TT: I teach entire workshops on this. Constant marketing is necessary. You can't just write one article or blog post. People have to be exposed over and over again to the concept of patient advocacy so that when they are diagnosed or a family member is, they remember you and that you can help. Build a website, establish a monthly newsletter, do public speaking (Rotary Club, Lion's Club, Senior Centers). Don't talk about patient advocacy but choose a topic like, "How to Stay Safe at the Hospital," or "How to Ask Your Doctor Questions." Weave the concept of patient advocacy into the presentation. Collect email addresses. Do 1-2 talks per month. You might be adding 20-40 people per month to your newsletter list. The newsletter has to give people practical information that convinces them to stay on the newsletter. Don't flood them with information.
Are there any hot niches that patient advocates should consider?
LA: Medical billing. You have to know about medical coding, but if someone wants to earn a quick income, a medical billing service might be a good place to start.

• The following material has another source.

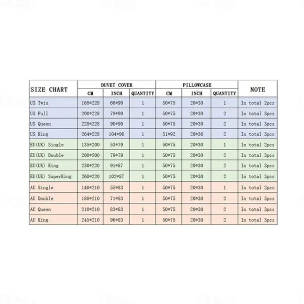 | Size | EU / UK Double, EU / UK King, EU / UK Single, EU / UK SuperKing, US Full, US King, US Queen, US Twin |

JO: Anything involving care planning and coordination. Doctors don't communicate well and they usually aren't on the same page. Communication is the biggest part of this job. Also, rural areas need patient advocates as the coasts are more saturated.
TT: I think it depends on your geographic location. Because we are in such early days of patient advocacy, either generalists or specialists can succeed. On the coasts, advocates are better known, and it helps to specialize. In the middle part of the country, people are still generalists. Specialization can help you to grow your practice but you also have delivery business challenges. If you specialize, you need to use technology. For example, there aren't yet many people specializing in mediation. People who mediate need to use Skype or some other video conferencing software to mediate between people in different geographic locations. Clients don't think about generalists vs. specialists. They only think about whether you can help them with whatever they need.
Thank you for much for sharing these helpful insights.